- What you will do
Beginning with the line that holds "En kalender och" and ending with the last line of the entries, please output each line exactly, apart from any pictures.

*** Opening of Input material ***

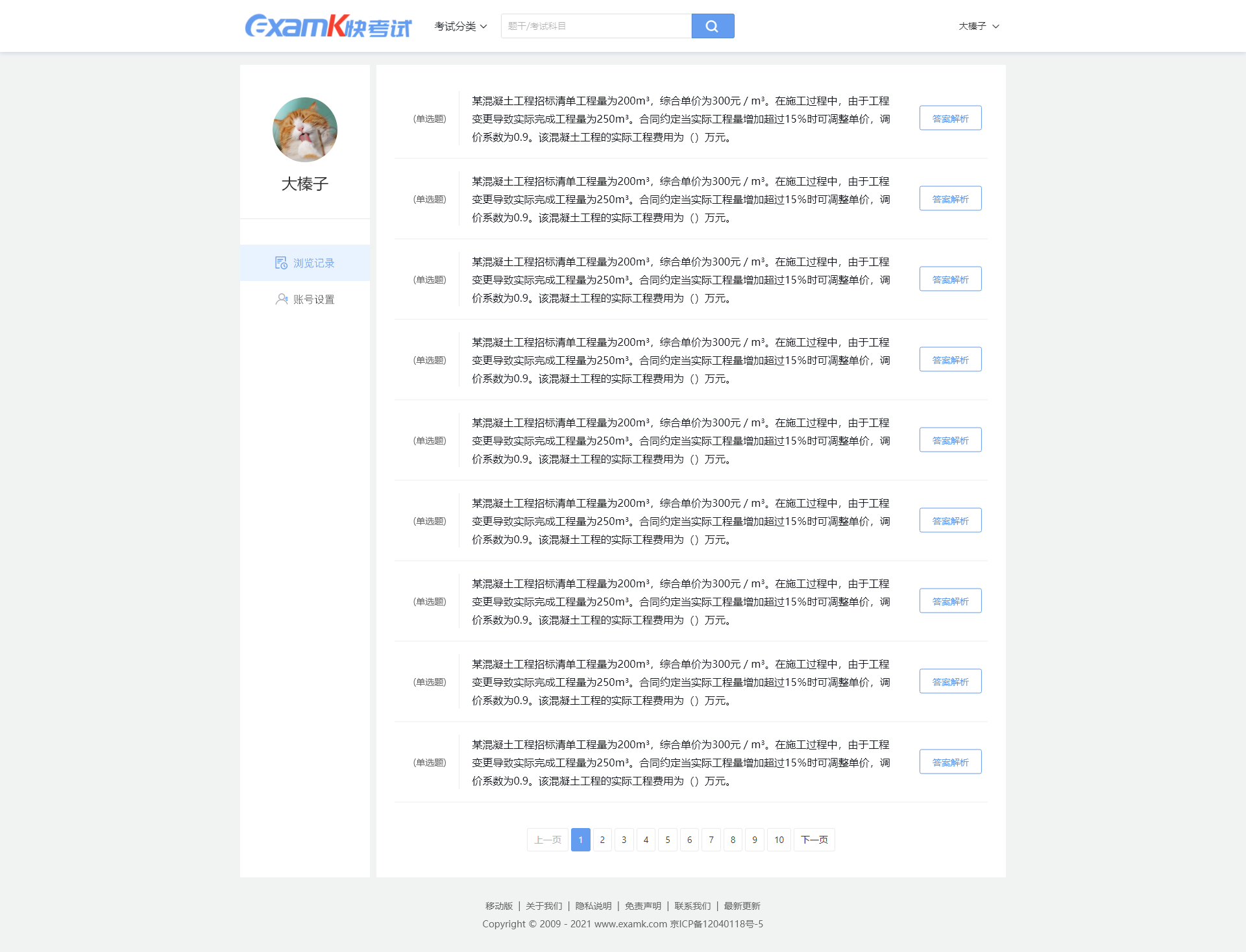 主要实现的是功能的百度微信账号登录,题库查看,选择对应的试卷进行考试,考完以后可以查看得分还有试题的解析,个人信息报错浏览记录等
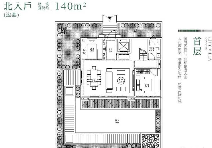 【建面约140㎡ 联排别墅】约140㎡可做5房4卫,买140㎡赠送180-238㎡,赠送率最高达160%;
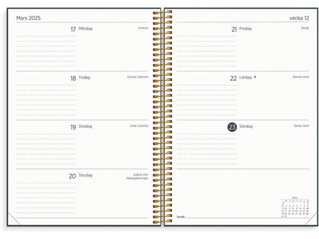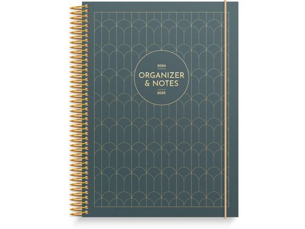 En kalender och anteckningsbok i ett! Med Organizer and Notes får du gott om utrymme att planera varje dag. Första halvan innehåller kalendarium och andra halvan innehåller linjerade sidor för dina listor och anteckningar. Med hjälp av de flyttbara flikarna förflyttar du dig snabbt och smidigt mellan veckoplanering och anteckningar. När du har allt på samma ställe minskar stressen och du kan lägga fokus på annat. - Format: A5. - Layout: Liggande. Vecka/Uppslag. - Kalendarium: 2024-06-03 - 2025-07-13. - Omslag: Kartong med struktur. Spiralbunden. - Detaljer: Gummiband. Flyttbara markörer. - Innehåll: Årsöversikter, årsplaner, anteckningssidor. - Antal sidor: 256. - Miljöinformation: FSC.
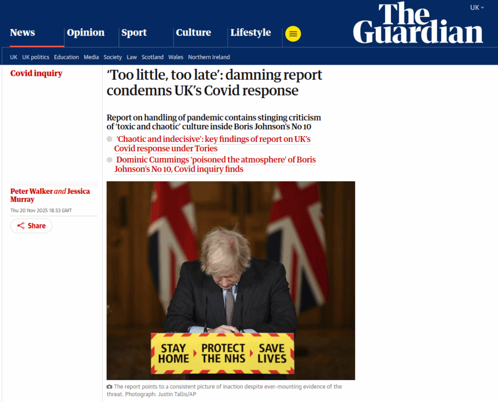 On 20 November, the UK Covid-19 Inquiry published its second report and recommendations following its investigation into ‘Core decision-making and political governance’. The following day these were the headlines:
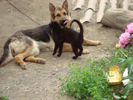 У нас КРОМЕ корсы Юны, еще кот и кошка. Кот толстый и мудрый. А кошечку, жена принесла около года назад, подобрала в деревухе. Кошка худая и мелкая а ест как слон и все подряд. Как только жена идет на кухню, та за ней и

*** Close of Input material ***

- Solved exercise
 En kalender och anteckningsbok i ett! Med Organizer and Notes får du gott om utrymme att planera varje dag. Första halvan innehåller kalendarium och andra halvan innehåller linjerade sidor för dina listor och anteckningar. Med hjälp av de flyttbara flikarna förflyttar du dig snabbt och smidigt mellan veckoplanering och anteckningar. När du har allt på samma ställe minskar stressen och du kan lägga fokus på annat. - Format: A5. - Layout: Liggande. Vecka/Uppslag. - Kalendarium: 2024-06-03 - 2025-07-13. - Omslag: Kartong med struktur. Spiralbunden. - Detaljer: Gummiband. Flyttbara markörer. - Innehåll: Årsöversikter, årsplaner, anteckningssidor. - Antal sidor: 256. - Miljöinformation: FSC.
 On 20 November, the UK Covid-19 Inquiry published its second report and recommendations following its investigation into ‘Core decision-making and political governance’. The following day these were the headlines:
 У нас КРОМЕ корсы Юны, еще кот и кошка. Кот толстый и мудрый. А кошечку, жена принесла около года назад, подобрала в деревухе. Кошка худая и мелкая а ест как слон и все подряд. Как только жена идет на кухню, та за ней и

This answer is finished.